The Architecture in 30 Seconds
Here’s the lightweight setup:
Copilot Studio → MCP Server → Azure API Management → SAP Sandbox API
Copilot Studio: The front-end agent that understands your requests
MCP Server: A lightweight “tool” interface that Copilot uses to call APIs
APIM: The place where we shape, secure, and transform the SAP API
SAP Sandbox API: The data source (Purchase Orders)
Copilot never sees secrets — APIM injects the API key securely.
Step 1: Import the SAP API into Azure API Management
SAP exposes an OData endpoint for Purchase Orders:
https://sandbox.api.sap.com/s4hanacloud/sap/opu/odata/sap/API_PURCHASEORDER_PROCESS_SRV
We imported a trimmed OpenAPI spec containing only:
A_PurchaseOrder
A_PurchaseOrderItem
This keeps APIM clean and avoids exposing hundreds of unused SAP entities.
Step 2: Inject API Key Authentication in APIM
Instead of making Copilot (or MCP) deal with authentication, APIM handles it.
Inbound policy:
<set-header name="apikey" exists-action="override">
<value>YOUR_SAP_SANDBOX_KEY</value>
</set-header>We also disabled response compression to avoid gzipped payloads that Copilot couldn’t read:
<set-header name="Accept-Encoding" exists-action="delete" />
<set-header name="Accept-Encoding" exists-action="override">
<value>identity</value>
</set-header>This ensured SAP always returned plain JSON/XML, not raw gzip bytes.
Step 3: Connect APIM to an MCP Server
The MCP server is simply a small piece of code that:
Exposes an MCP tool definition (JSON/OpenAPI)
Calls the APIM endpoint
Returns the SAP data back to Copilot
Since APIM already injects the SAP API key, the MCP code stays clean and credential-free.
Step 4: Add MCP Server to Copilot Studio
In Copilot Studio:
Add a custom plugin (MCP)
Point it to your MCP server endpoint
Test tool invocation with natural language
Example prompt:
“Show me the latest purchase orders from SAP.”
The agent calls the MCP server → APIM → SAP → APIM → MCP → Copilot.
All you see is working SAP data in a chat window.
A Working Enterprise Agent, End-to-End
Once the headers, paths, and response formats were corrected, the integration worked instantly.
Copilot was able to query real SAP Purchase Order data through a secure and controlled APIM gateway.

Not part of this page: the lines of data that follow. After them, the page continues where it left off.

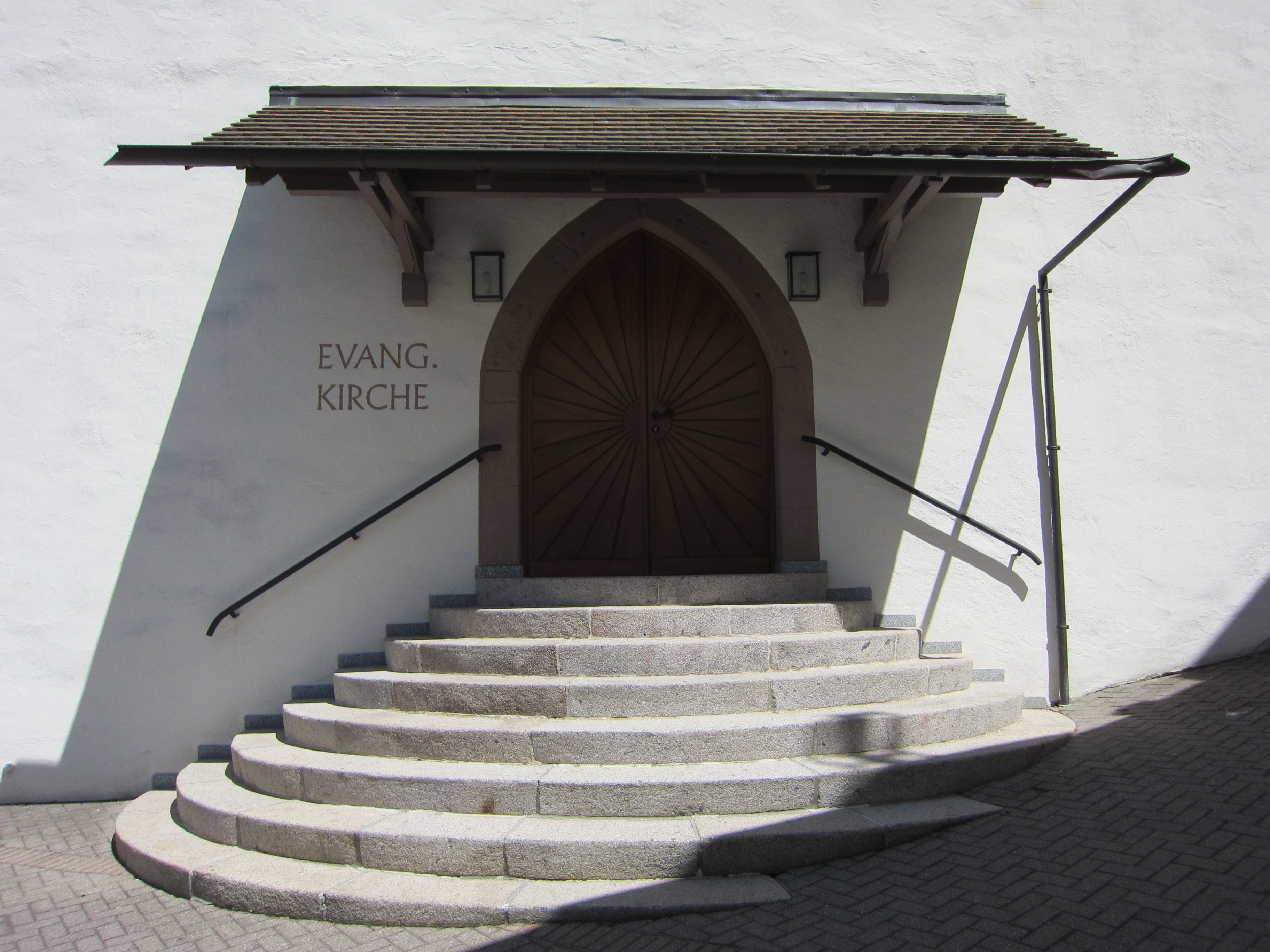 Die evangelische Kirche ist baulich Teil eines gemeinsamen Kirchengebäudes, verfügt jedoch über einen eigenen, klar abgegrenzten Kirchenraum mit separatem Eingang. Damit wird die Eigenständigkeit der evangelischen Kirchengemeinde gewahrt.
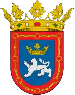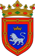 Blasón | «En campo de azur, león pasante de plata, lampasado y armado de gules y surmontado, al centro, por corona real de oro. En bordura lleva las armas de Navarra, cadenas de oro sobre gules.» | |
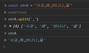 풀이: 문자열 strA의 원본 내용이 바뀌지 않았으므로 split() 메소드는 비파괴적 처리이다.
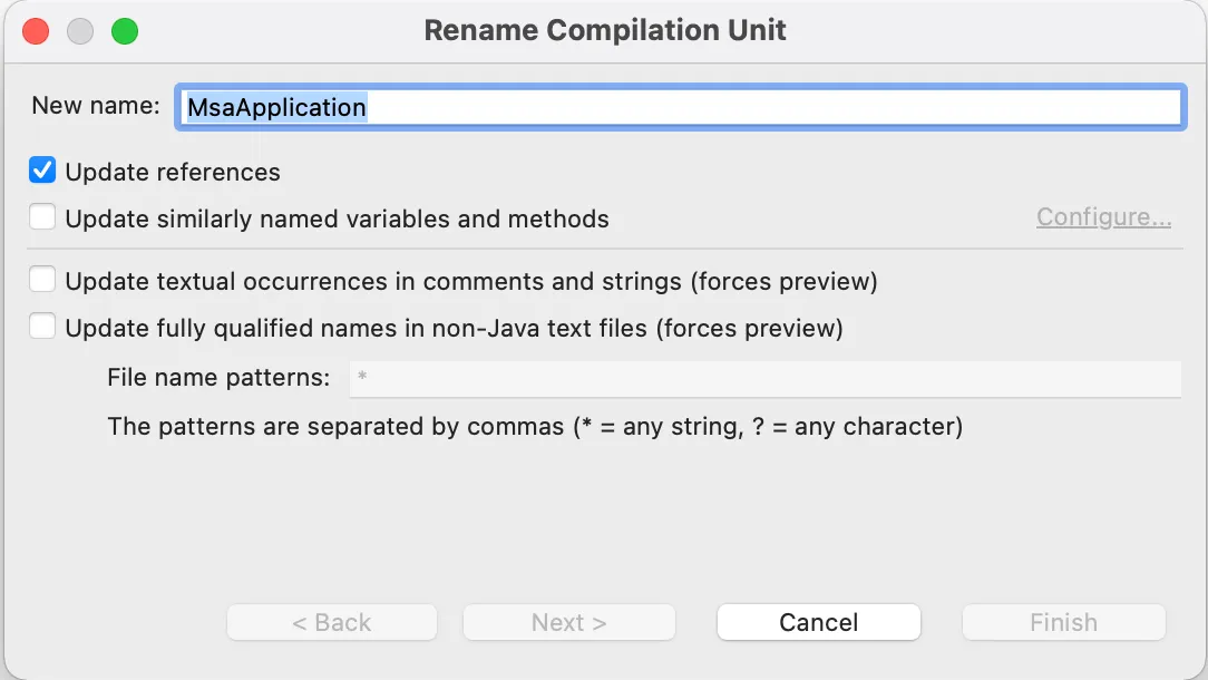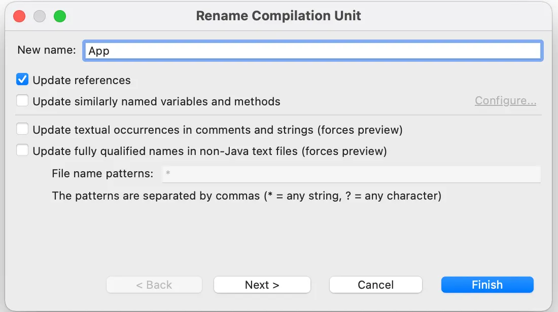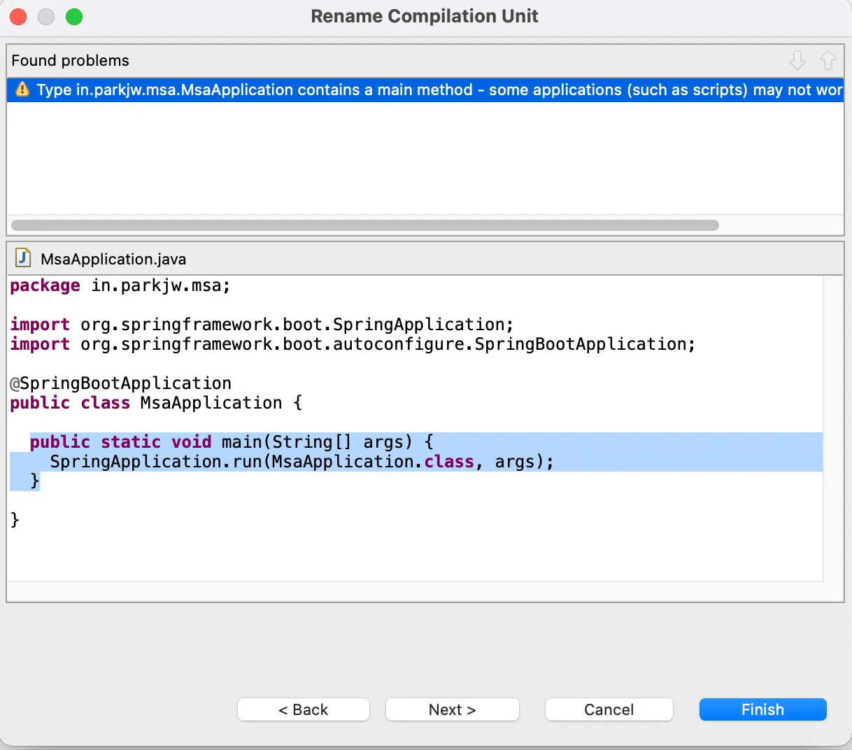 대충...해당 클래스를 참조하는 부분도 같이 바꿀건지 .. 그냥 Finish 눌러준다.
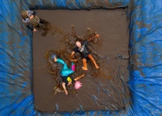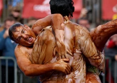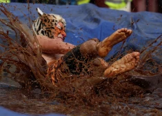 Sacensībās, kas atzītas par vienu no desmit dīvainākajiem "sporta veidiem", ar gaļas mērci piepildītā ringā cīnījās 16 vīrieši un astoņas sievietes.
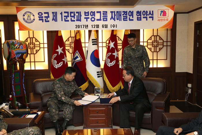 부영그룹(회장 이중근)은 6일 육군 1군단과 자매결연을 맺고 국군 장병들에 대한 적극적인 지원을 약속했다.
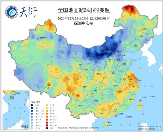 氣温方面,受到寒潮天氣影響,今晨08時,內蒙古、華北、黃淮等地出現明顯降温,其中內蒙古東勝降温達到18.1℃,氣温降至-25℃,為國家站降幅最大站點,北京佛爺頂降温16.7℃排在第二位。
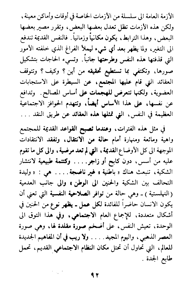 الأزمة العامة الى سلسلة من الأزمات الخاصة في أوقات وأماكن معينة، ولكن هذه الأزمات تظل تعدل بعضها البعض، وتقرر مصير بعضها البعض، وهذا الترابط، يكون مكانيا وزمانيا. فالنفس القديمة تندفع الى التغير، ولما يظهر بعد أي شيء ليملأ الفراغ الذي خلفته الأمور التي قذفتها هذه النفس وطرحتها جانبا. وتسيء الحاجات بتشكيل صورها، وتكتفي بما تستطيع تحقيقه من أين؟ وكيف؟ وتتوقف العقائد التي قام عليها المجتمع، عن السيطرة على الاستجابات العضوية، ولكنها تتعرض للهجمات على أساس المصالح. وتدافع عن نفسها، على هذا الأساس أيضا، وتتهدم الحوافز الاجتماعية العظيمة في النفس، التي تمثلها هذه العقائد عن طريق النقد ...
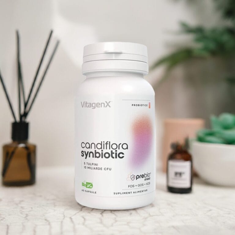 • Studiile arată că probioticele din Candiflora Synbiotic pot reduce recurența candidozei cu până la 50%.
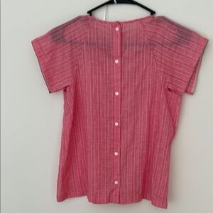 Short sleeve with silver trim accent. Gathered neck and full button back. Semi-sheer. 100% cotton. Designed in New York.
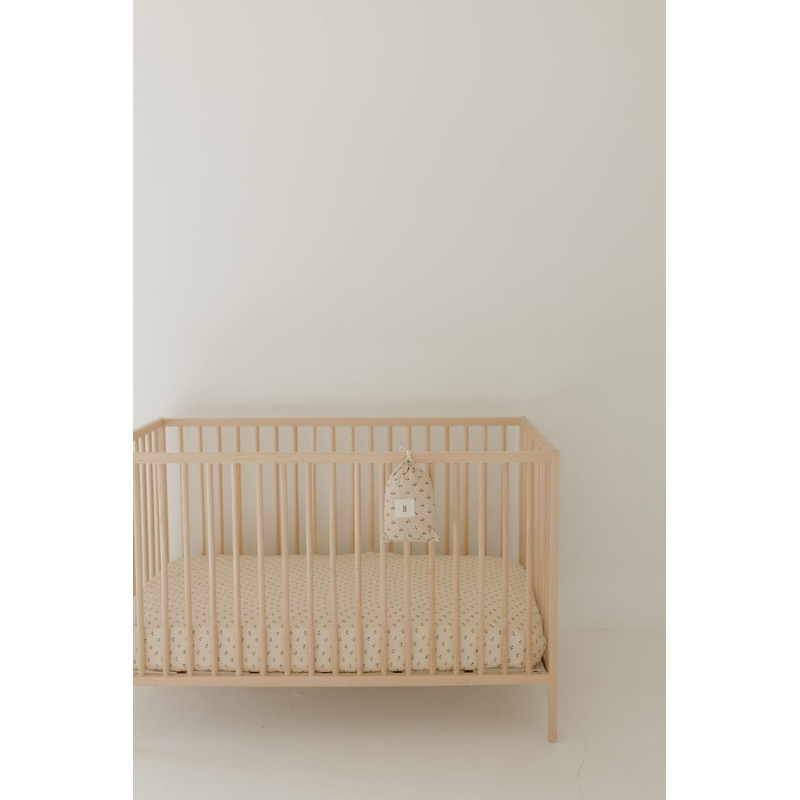 Bring elegance to your baby's nursery with our flora crib sheet. Made with a cream background and intricate gold grid pattern, this sheet adds a touch of luxury to your little one's bedding. Soft and cozy, it's perfect for a good night's sleep.100% muslin
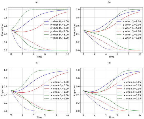 Figure 3b illustrates that the cultivation costs (Cf) incurred by farmers when they do not abandon their land also positively influence their willingness to abandon it. When Cf = 2, farmers exhibit a weak inclination toward abandoning their land, with y approaching 0. At Cf = 4, their willingness to abandon their land strengthens, but y still trends towards 0; as Cf increases, y approaches 1. Here, higher cultivation costs—including expenses for seeds, fertilizers, pesticides, and labor—lead farmers to consider the cost–benefit analysis, making them more likely to abandon farming and opt for land abandonment to alleviate economic pressure.
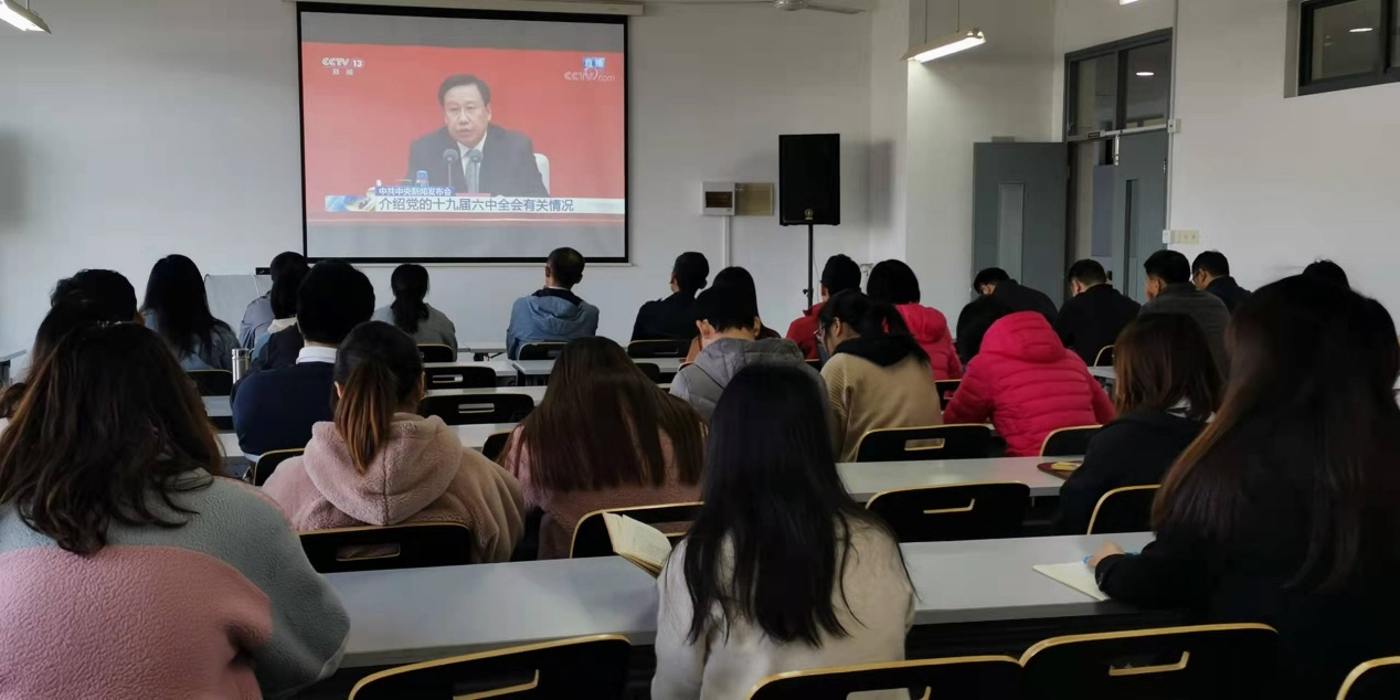 11月8日至11日,中国共产党第十九届中央委员会第六次全体会议在北京召开。这次全会是在我们党百年华诞的重要时刻,在“两个一百年”奋斗目标历史交汇关键节点上召开的一次重要会议,为更好地学习和领会十九届六中全会精神,11月12日上午,化学化工公司党委组织师生党员收看党的十九届六中全会精神新闻发布会。
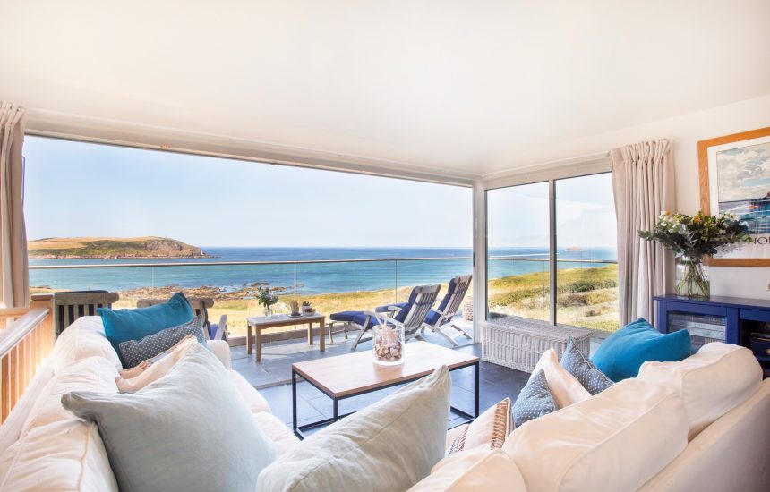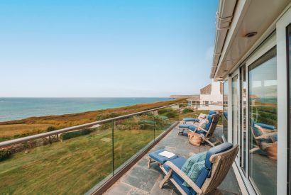 Inside, you will immediately feel at home with the relaxed, coastal ambience. A plush sunroom provides the ultimate spot to slip into holiday mode with views spanning across the water to Stepper and Pentire Point that frame the open sea. Open the floor to ceiling glass doors to the balcony and let the soft sea breeze flow in. Recline on the sun loungers and watch the rise and fall of the tide over the rockpools below.
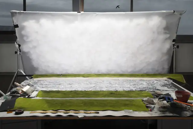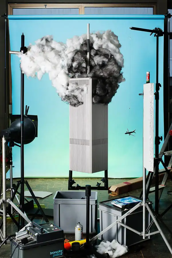 Gefakter Crash aus Watte und Schaum? Bei den Arbeiten von Cortis & Sonderegger geht es um die plastische De- und anschließende Neukonstruktion von Foto-Ikonen. Sie arbeiten mit in die Tiefe gebauten Schaubildern, sogenannten Dioramen. Titel: Making of „9/11“ (by Tom Kaminski, 2001), 2013.
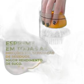 COMO USAR: 1 Corte as frutas ao meio, pode ser laranja ou outras frutas, dependendo do formato, é indicado que você corte em cubos; 2 Coloque no copo, respeitando a capacidade; 3 Feche a tampa até travar a mesma; 4 Pressione o botão até acender o led; 5 Aguarde o funcionamento e processo de extração do suco; 6 Espere que o suco chegue na marca limite; 7 Ao chegar na marca limite, abra o tampão e despeje o suco em um copo.
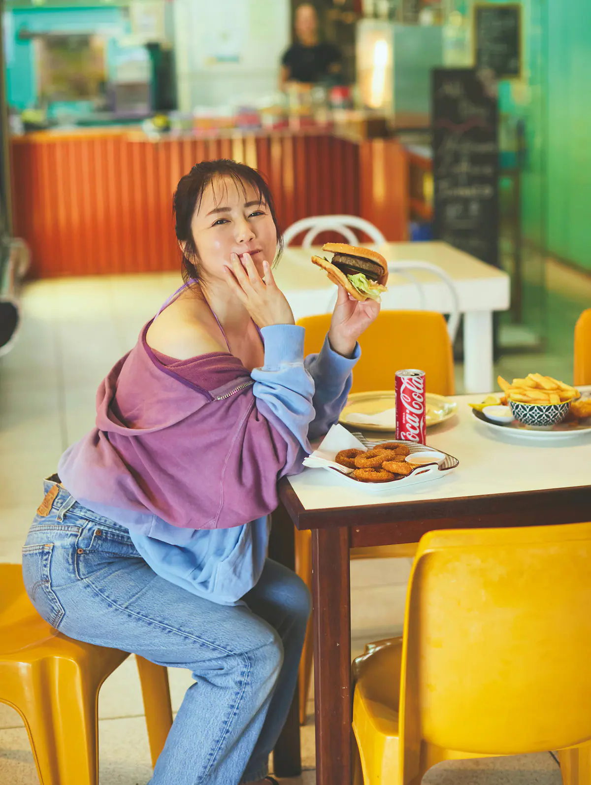このたびの「FRIDAY」では先行カットが掲載。中でもとっておきのカットが、ケアンズ市街にあるカジュアルなモーテルで窓越しに撮影された1枚だという。ベッドに横たわった磯山さやかをおさめたカットに加え、ケアンズ郊外のダイナーでハンバーガーに笑顔で頬張るカットも公開されている。
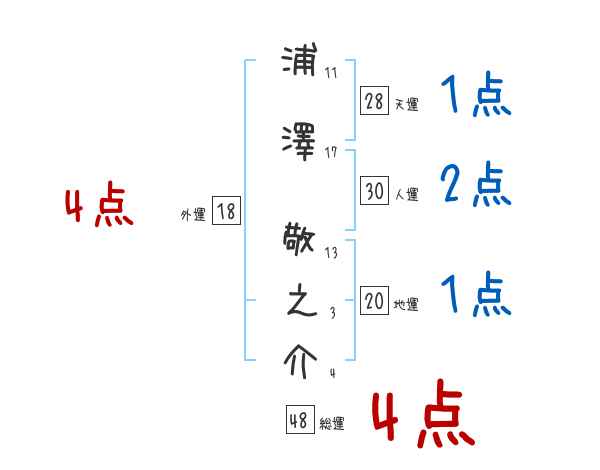 外運![]() | 浦澤敬之介さんの外運は18画の4つ星!情熱的で剛気。忍耐力があり信頼される。 生活面を象徴する運勢です。外部から受ける影響力を表し、結婚運、家庭運や職場、環境への順応性を表します。 |
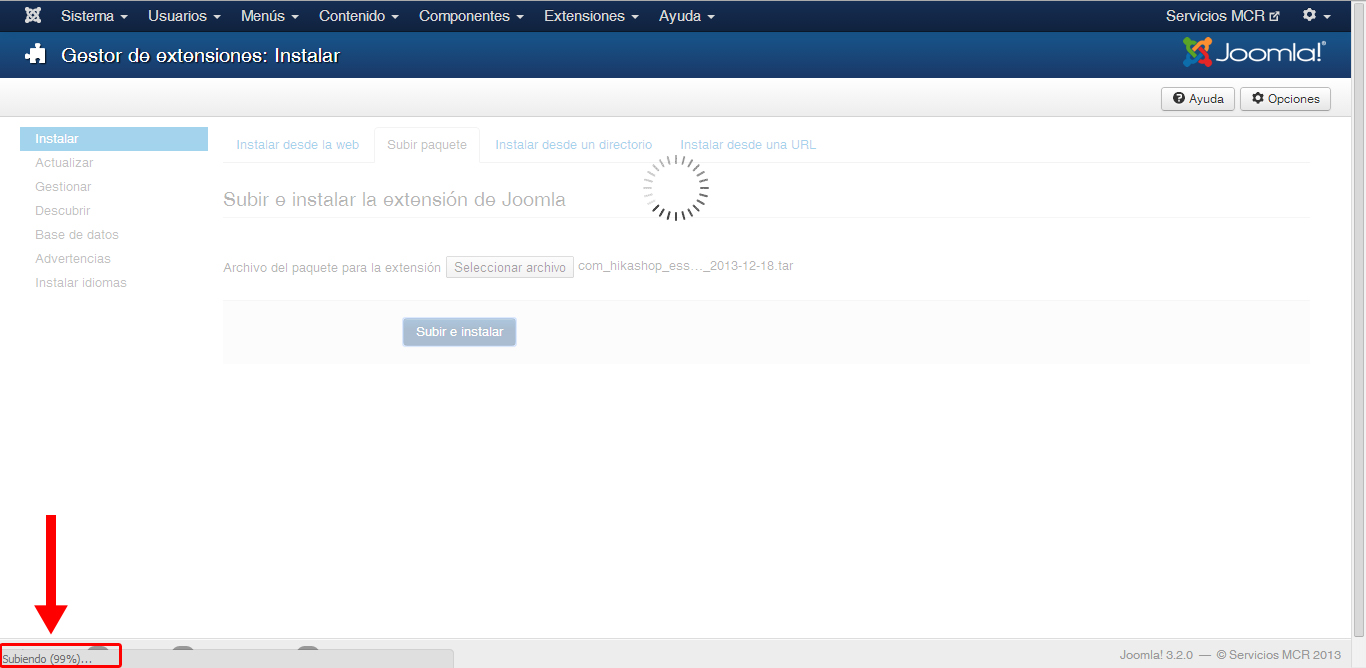 I have a problem trying to upgrade the version starter to essential in joomla since extension manager, just can see the upload in the server at 100% but don't appears any message.

This setup demonstrates how:
APIM can shield agents from complex authentication
MCP can bridge any REST endpoint into a conversational workflow
Copilot Studio can reason over enterprise data with minimal wiring
Final Thoughts
In under an hour, we connected SAP data to Copilot Studio using Azure API Management and MCP — no friction, no heavy custom code, and no direct credential handling.
This is the kind of acceleration enterprises are looking for:
Fast prototypes
Secure integration layer
Reusable APIs
AI-ready data
Disclaimer
This demo hides a lot of complexity that real enterprise integrations must handle properly:
Full OAuth2 / OBO flow for SAP BTP / SAP S/4HANA
Role-based authorization
VNet integration / private networking
Throttling, caching, and policy governance
Schema management for large OData services
Compliance and data residency requirements
But for experimentation, prototyping, and internal enablement, this approach shows what’s possible with surprisingly little effort.